More idling

by Chris Bertram on August 9, 2004

Further to “my last post on idling”:https://www.crookedtimber.org/archives/002293.html , I see “via Limited, Inc.”:http://limitedinc.blogspot.com/2004_08_08_limitedinc_archive.html#109202801859090687 that the French electricity company EDF are disciplining an employee (an economist who also happens to be a Lacanian psychoanalyst … only in France!) who has written a book — “Bonjour Paresse”:http://www.amazon.fr/exec/obidos/ASIN/2841862313/qid%3D1092057870/171-4684613-8604262 — on how to skive at work. The Belfast Telegraph “offers some top tips”:http://www.belfasttelegraph.co.uk/news/features/story.jsp?story=548650 :

bq. Skiving off is such an ugly expression. Much more preferable are terms such as ‘zero-tasking’ or ‘enabling real-time back-end utilisation’. For those interested in how to zero-task successfully, here are five hot tips:

bq. 1. Never walk down a corridor without a a document in your hands. People with documents in their hands look like hard-working employees heading for an important meeting.

bq. 2. Make sure you carry home lots of documents at night. This gives the impression you work much harder than you do.

bq. 3. Use your computer to look busy. Try “www.IShouldBeWorking.com”:http://www.ishouldbeworking.com/ or “www.BoredAtWork.com”:http://www.boredatwork.com/ for entertainment. The I Should Be Working site has a neat panic button that instantly transfers you to a more business-like page with one click.

bq. 4. Build huge piles of documents around your workspace as only top management can get away with a clean desk. Last year’s work looks just like this year’s – volume counts.

bq. 5. If you have voicemail on your phone, don’t answer it. Let the callers leave a message. Try to return the calls when you know the callers aren’t there. In the end they’ll try to find a solution that doesn’t involve you.

{ 8 comments }

1

a different chris 08.09.04 at 2:56 pm

My wife basically relies on an advanced version of #4, where she makes a big show of taking a folder off the right-hand pile, slowing paging through it with a mechanical pencil poised for action, then moving it to the left-hand pile.

Once the left-hand pile has gotten to be substantially larger than the right, and nobody is looking, she switches piles.

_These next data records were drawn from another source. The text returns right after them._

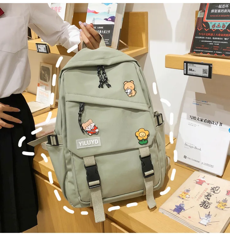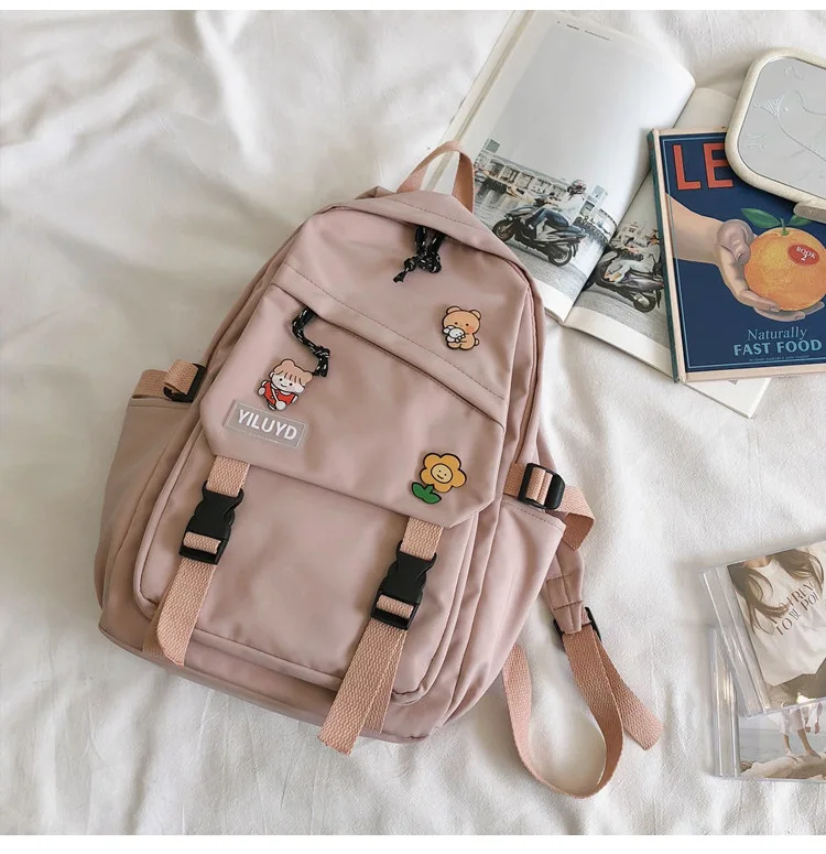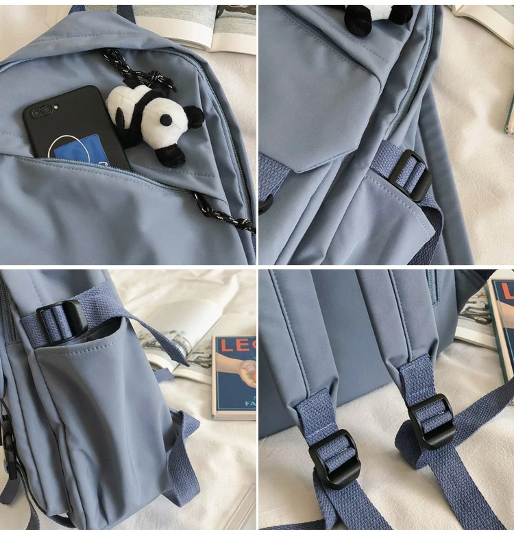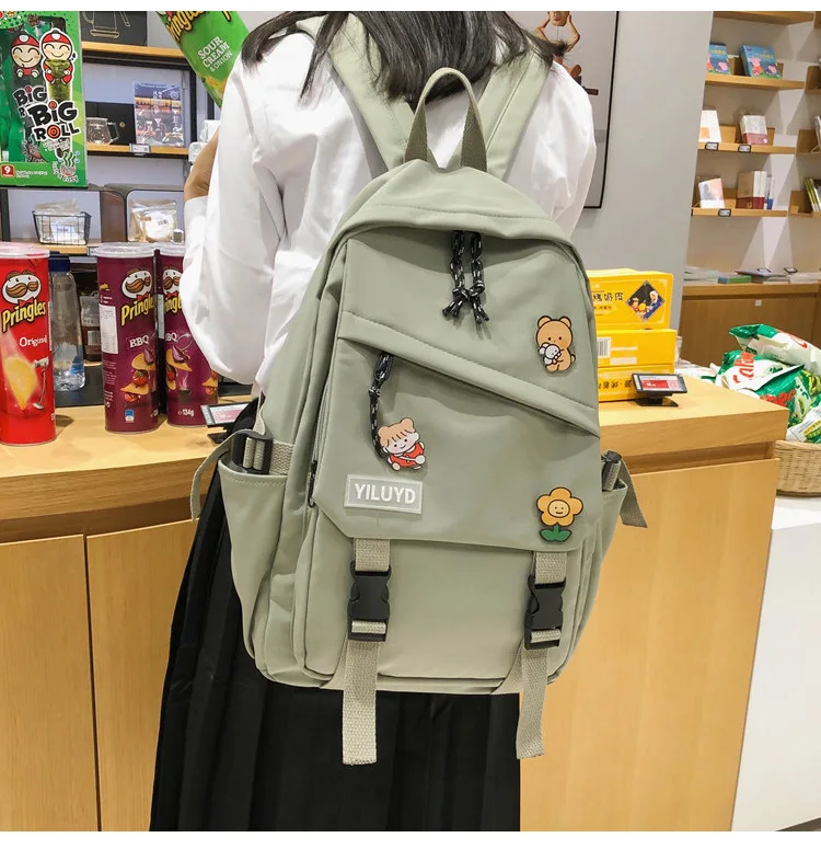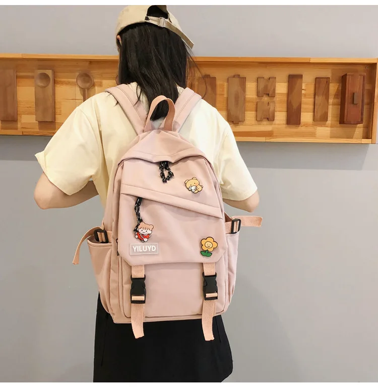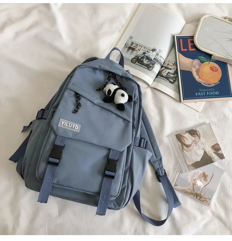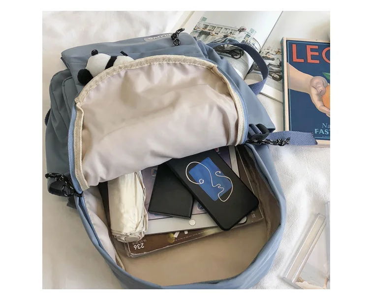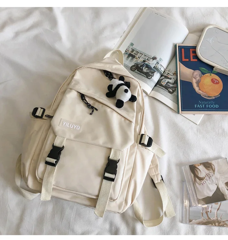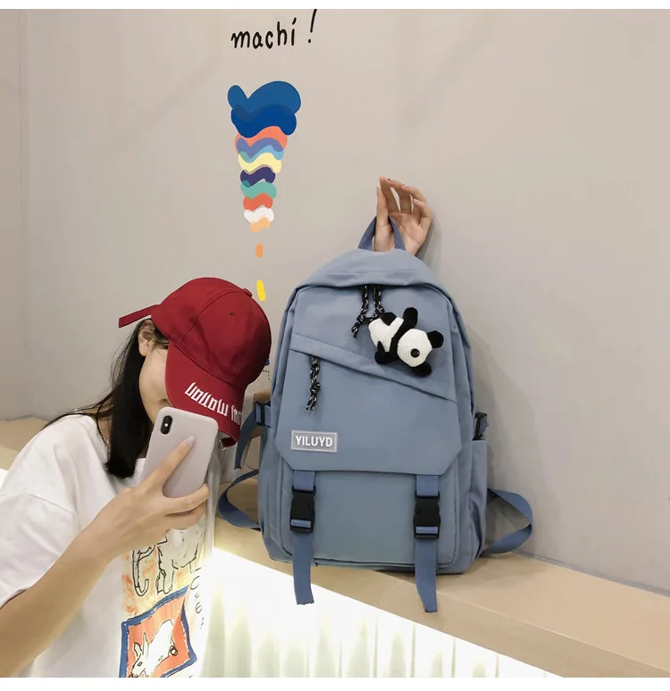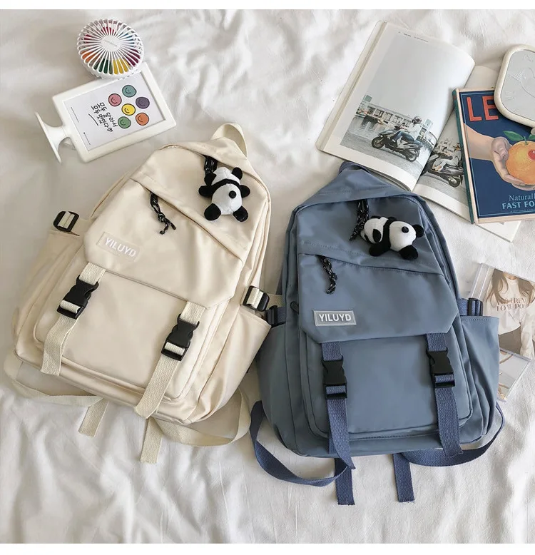 New Backpack Women Multi Pocket Women Students Panda Badges Backpack School Bag Teenage Shoulder Travel Bag Female Backpacks
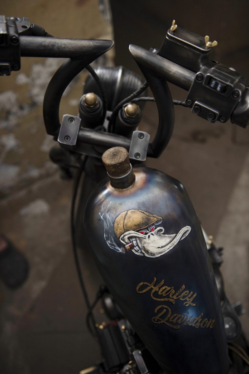 Gut zehn Tage stand die Harley, fertig auf der Hebebühne, ehe Hafi die Inspiration fand – alles nochmals zerlegen. Steam Punk Style – das war sein Plan.
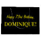 Um lado deste design de saco-presente com tema de aniversário simples e divertido apresenta um grande número "73" com um padrão cor-de-rosa escuro e listras de rosa claro. O outro lado apresenta a mensagem de saudação de aniversário "Happy 73rd Birthday", e um nome editável, ambos em texto amarelo. O fundo é preto colorido. Um saco de presentes como este pode ser usado ao embrulhar presentes ou presentes sendo dados a alguém que comemora seus setenta e três anos. [~Z0000378]
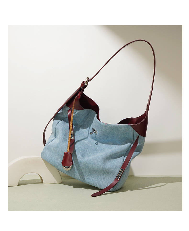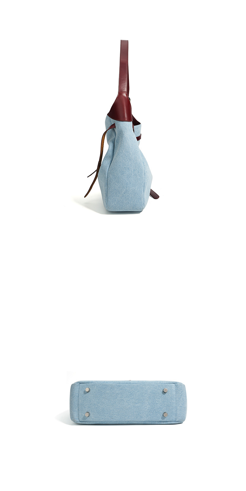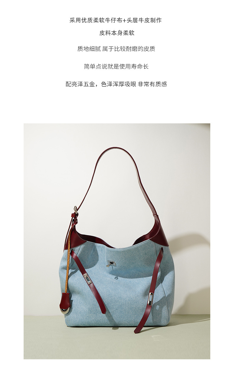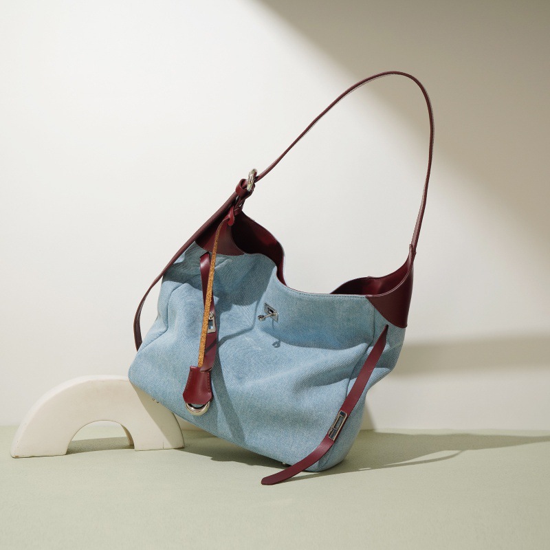 Túi xách kiểu dáng tote cỡ lớn, có thể đeo v hoặc mang vắt chéo người rất tiện lợi. Sản phẩm kết hợp hài hòa giữa chất liệu da thật tự nhiên ở phần thân chính và vải denim bền chắc. Điểm nhấn là sự phối màu xanh denim và đỏ rượu vang tạo nên vẻ ngoại hình trẻ trung, phá cách. Túi thích hợp để sử dụng hằng ngày, đựng vừa ví, điện thoại và các vật dụng cá nhân cần thiết. | Tên sản phẩm: Túi Xách Nữ Chất Liệu Da Bò - Túi Ví Nữ | Mã sản phẩm: A7577 - Giá: 1.490.000đ | Mã nhà sản xuất: GUDEA-G04Hình ảnh sản phẩm
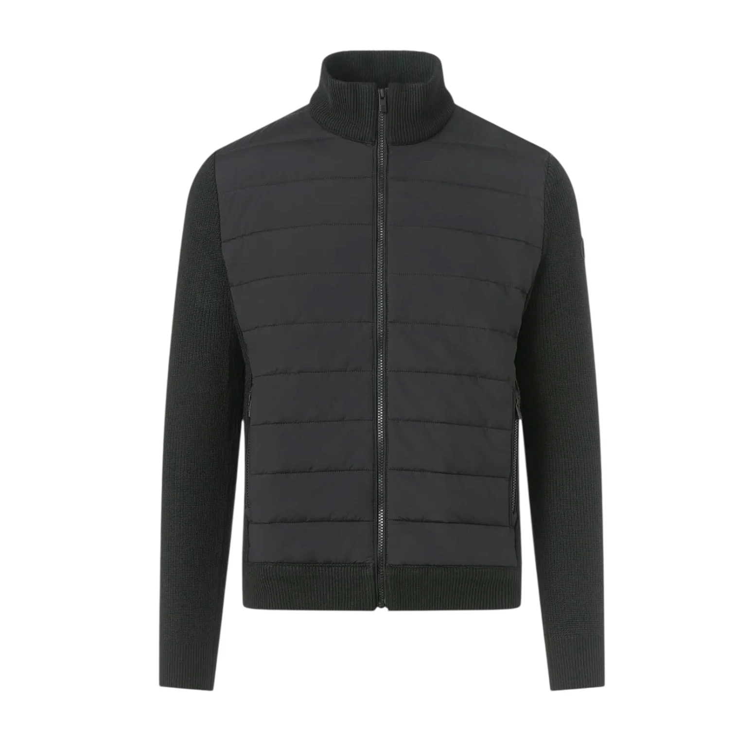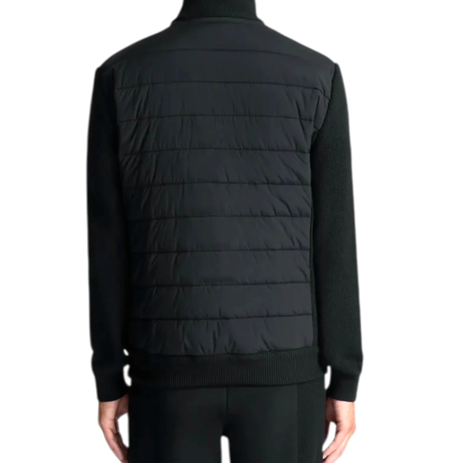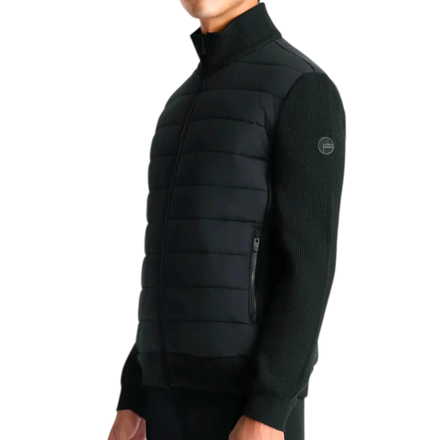 - Manches, col et panneaux latéraux tricotés

If she worked for me I would so fire her ass… :>

2

Ben 08.09.04 at 3:48 pm

#6 Work odd hours, and claim to go to lots of meetings away from your desk. Schedule these meetings, if they exist at all, at the time when your co-workers are most likely to need you. This means colleagues get dumped with work and you are plausibly able to claim no knowledge of ongoing projects (Copyright: My old boss)

#7 Be competent at your very core task and utterly useless at everything else (e.g. using any software), thereby making collagues push work, even your chores, elsewhere. (Copyright: My sales team)

#8 Be mysterious about your role. This makes people respect you as a specialist, but enables you to turn away anything that isn’t your job. (Copyright: My old colleague)

3

Tim B. 08.09.04 at 4:33 pm

I’m reminded of an incident at work years ago. Steve and I had adjoining cubicles, and one morning I heard his phone ringing and ringing and ringing. When I couldn’t stand it any longer, I got up and peered around the partition. Steve was leaning back in his chair, fingers interlocked in his lap, and staring at the noisesome phone. “Steve,” I asked, “why aren’t you picking that up?” To which he casually replied: “If I answered it too quickly, they’d think I wasn’t doing anything.”

4

jimbo 08.09.04 at 5:24 pm

Number 1 was one of George Costanza’s standbys. He also was partial to the “when in a public area, let loose with a sigh” strategy – it makes you look put upon…

5

Telford 08.09.04 at 8:31 pm

EDP accuses her of “spreading gangrene through the system from within”.

LOL! I love it!

No, we Lacanian Maos are not dead.

6

Thlayli 08.09.04 at 11:13 pm

#9 Download a long comment thread (Atrios and Kevin Drum are the best sources for these). The comment windows easily stash under other applications, and as a bonus a check of the firewall logs will not show you constantly accessing the Interweb.

7

will 08.10.04 at 5:15 am

As I recall, the author of a book called Disciplined Minds was fired from Physics Today after admitting it was partially written during time at work.

8

anonregularreader 08.10.04 at 6:39 am

Guilty, guilty, guilty. Oh the shame.